Oct. 27 was a normal day for the students at The Davis Academy in Sandy Springs. The weather was cool, 56 degrees and sunny, leaves were changing and the University of Georgia was preparing to play Florida in Jacksonville.
Little did they know, that morning, about 680 miles north in the historic Jewish neighborhood of Squirrel Hill in Pittsburgh, how much their lives would be impacted.
A Pennsylvania man is accused of storming the Tree of Life synagogue, killing 11 people.
“On one hand, Monday morning was painful for all of us and another it was very affirming,” said Rabbi Micah Lapidus, director of Jewish and Hebrew Students at The Davis Academy. “As a Jewish school, we have the opportunity for prayer, and can talk about our tradition. … We have a long history of peaks and valleys.”
In response to the tragedy, the students at the Davis Academy launched a “Sending Love to Pittsburgh” campaign. Their goal was to collect and send 11,000 paper hearts, one for each victim.
The students want to keep the tragedy of that day on people’s minds and keep it as a talking point, Lapidus said.
“The new cycle moves quickly. You have fires in California and politics. The kids want to keep this in our heart and minds,” he said.
The rabbi said the students can’t change national policy, but they “can use voice to send meaningful gestures as kids do.”

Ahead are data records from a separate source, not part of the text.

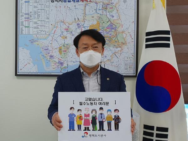 [뉴스시선집중, 김시훈기자] 평택도시공사 김재수 사장이 5일 필수노동자를 응원하는 ‘고맙습니다 필수노동자’캠페인에 동참했다.
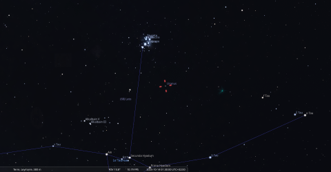 - A 20h20, la Lune est conjointe à Régulus dans le plan écliptique, l’étoile 1°02’ au Sud.
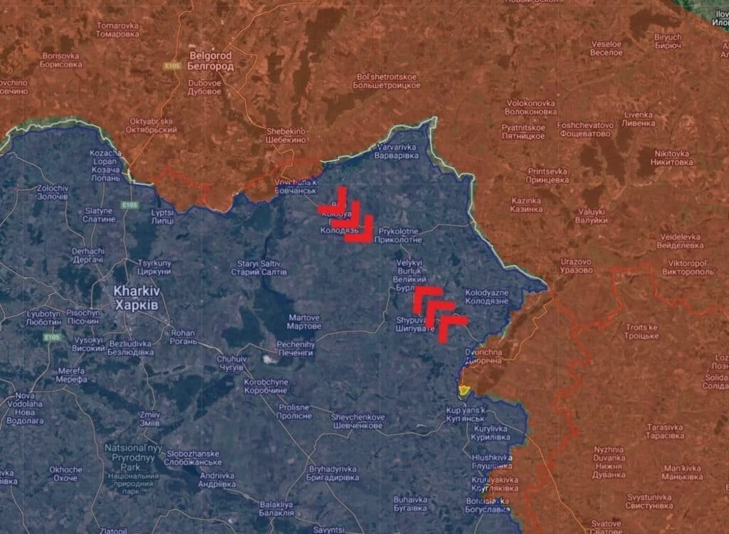 На Купянском направлении ВС РФ продвинулись по лесам к северу от Двуречной примерно на 3км. Южнее Купянска наши взорвали два моста через Оскол.
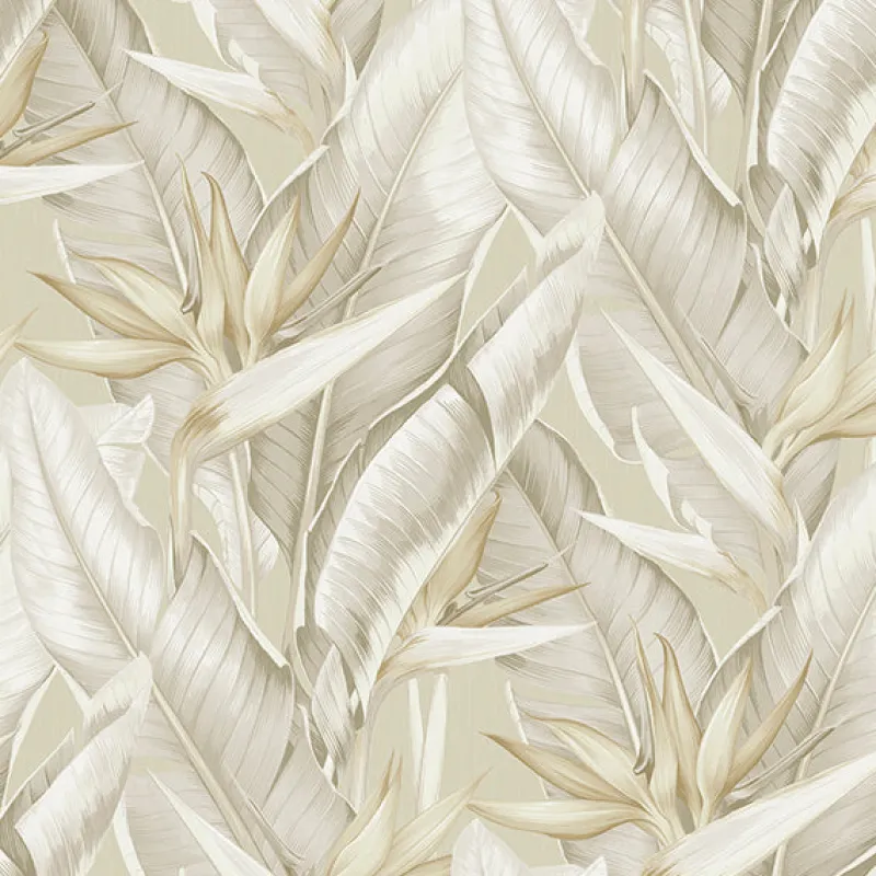 Creamy taupe leaves sprawl out and overlap in this subtly shimmering neutral wallpaper.
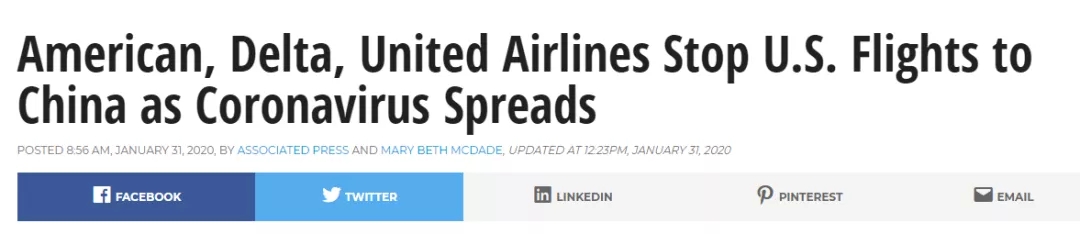 美國當(dāng)?shù)貢r(shí)間1月31日,據(jù)KTLA新聞報(bào)道,3家美國航司已經(jīng)宣布:暫停所有中美航班!

Since launching the drive, the school has received an overwhelming response, collecting hearts from “families as well as organizations ranging from synagogues, schools, churches, book clubs and more, who were touched by the tragedy and inspired to show support,” according to the school.
Each heart has messages of love, hope, healing and strength.
From Oct. 27 to Nov. 27, they collected the hearts, which was 30 days following the tragedy, coinciding with Judaism’s traditional 30 days of mourning.
“Our students desire to do something and channel their efforts to engage people of all faiths and background has been amazing. Out of tragedy comes an opportunity for healing,” Lapidus said.
The hearts are museum quality art, from all languages and all ages (2-102), from around the country.
They will photograph a few that capture diversity, and send “to community of Squirel Hill, which represents the best of what America should be. We are all connected,” the rabbi said.